I see several common bugs popping up. A wrong idea, index page, you should block crawl path. Meaningful, right? If you don't want the page index, why would you want it to crawl? Unfortunately, this sounds logical and completely wrong. Let's take a look at an example ...
For example: Product reviews
Suppose 11545.html "> We have a decent large ecommerce website with unique products 1000 pages. These pages look like this:
Each product has its own URL page, of course, these URLs are structured as follows:
Http://www.***.com/product/1
Http://www.***.com/product/2
Http://www.***.com/product/3
http://www.***.com/product/1000
Now let's say that each of these products page links to the product's comment page:
The pages of these reviews also have their own, unique URLs (juxtaposed product IDs), like this:
Http://www.***.com/review/1
Http://www.***.com/review/2
Http://www.***.com/review/3
http://www.***.com/review/1000
Unfortunately, we just stripped out 1000 duplicate pages each time the review page is really just a form that has no unique content. These censored pages have no search value and just dilute our index. So we decided it was time to take action ...
"Fix", part 1th
We want these pages up, so we decided to use the NOINDEX (Meta robot) tag. Because we really, really want to complete the page, we also decided to nofollow the review link. The first time we tried to fix the end, it looked like this:
On the surface, it makes sense. Here's the problem, though--those red arrows are cutting paths that might stop spiders. If spiders censor pages will never go back, they will never read the NOINDEX, they will not go to index the page. In the best case, it will take a long time (has gone to indexation time too long for large sites).
Repair, part 2nd
Instead, let's leave the path (the link we should follow). This way, the crawler will continue to visit the page, the repeated review of the URL should gradually disappear:
Stick to it, and in the process it still takes some time (weeks, in most cases). Monitor your index (at the "site:" operator) daily-what you are looking for is gradually decreasing over time. If this happens, you are in good shape. Pro tip: Do not take any day of the "site:" is too serious-it can be unreliable, from times to time. Look at the trend over time. The above content by www.guhele.com Diet health nets in Admin5 starting, reproduced please keep the URL, thank you!

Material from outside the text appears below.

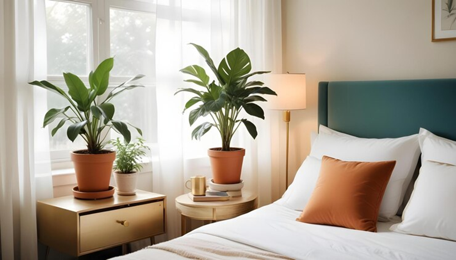 Чтобы растения действительно «работали» на атмосферу, важно правильно их расположить. Избегайте перегруженности, в комнате достаточно 2–3 зелёных акцентов. Лучше всего размещать цветы для сна у окна или на прикроватной тумбе. Также можно повесить кашпо — особенно если у вас мало места.

The content source of this page is from Internet, which doesn't represent Alibaba Cloud's opinion;
products and services mentioned on that page don't have any relationship with Alibaba Cloud. If the
content of the page makes you feel confusing, please write us an email, we will handle the problem
within 5 days after receiving your email.
If you find any instances of plagiarism from the community, please send an email to:
info-contact@alibabacloud.com
and provide relevant evidence. A staff member will contact you within 5 working days.